**DATASET CONTENT:**
******************************

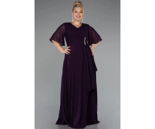 فستان سهرة شيفون طويل بأكمام قصيرة
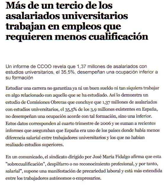 Más de un tercio de los asalariados universitarios trabajan en empleos que requieren menos cualificación
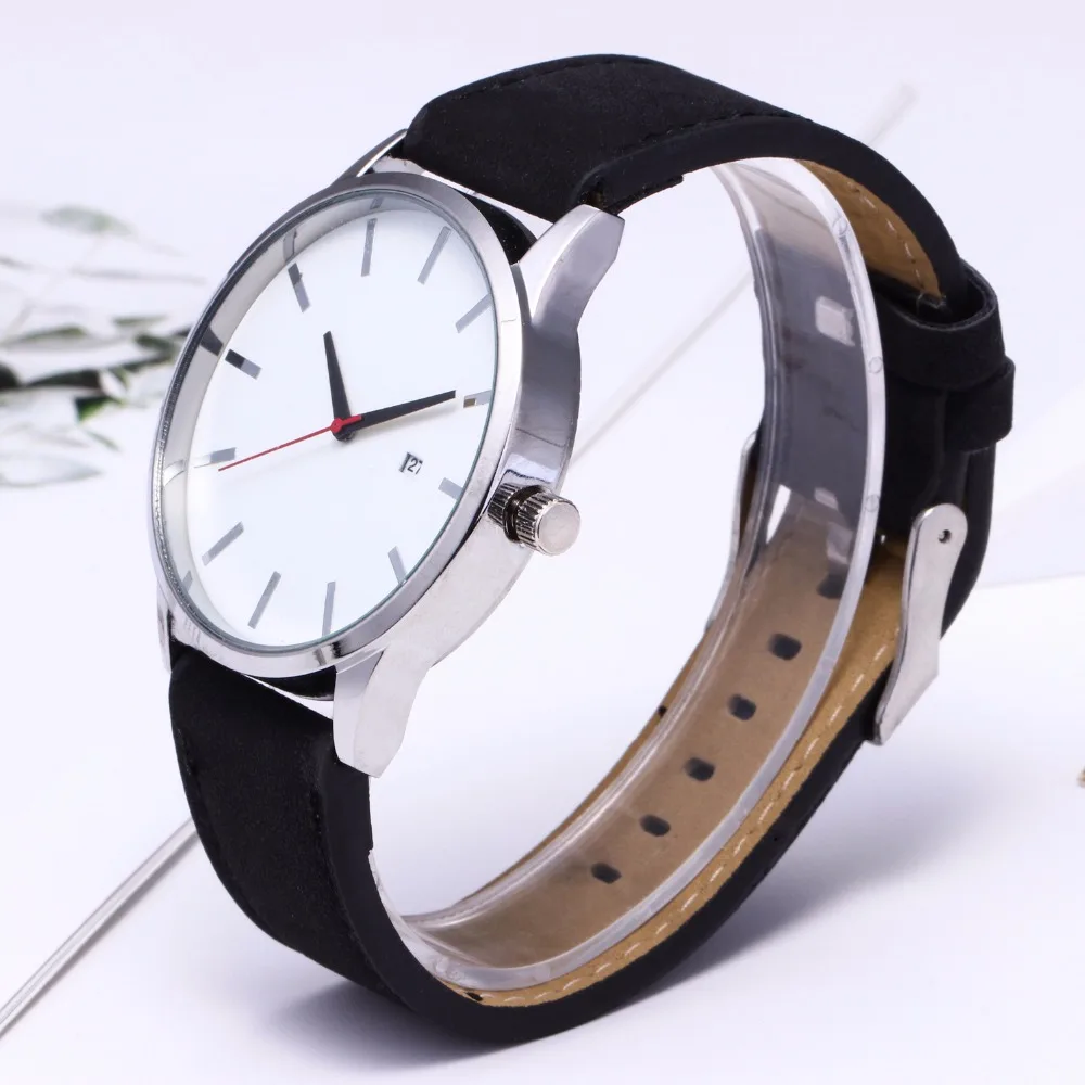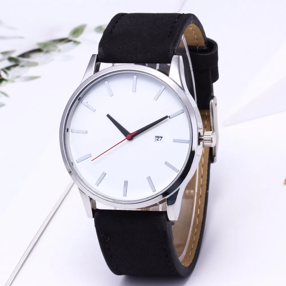 Часы наручные мужские кварцевые с большим циферблатом, модные деловые повседневные спортивные, с кожаным ремешком

******************************

**WHAT THE TASK ASKS:** In the data above, find the line with "Más de un tercio" and repeat it and every line after it through the end, exactly; leave the pictures out.

**SOLVED PROBLEM:**
 Más de un tercio de los asalariados universitarios trabajan en empleos que requieren menos cualificación
 Часы наручные мужские кварцевые с большим циферблатом, модные деловые повседневные спортивные, с кожаным ремешком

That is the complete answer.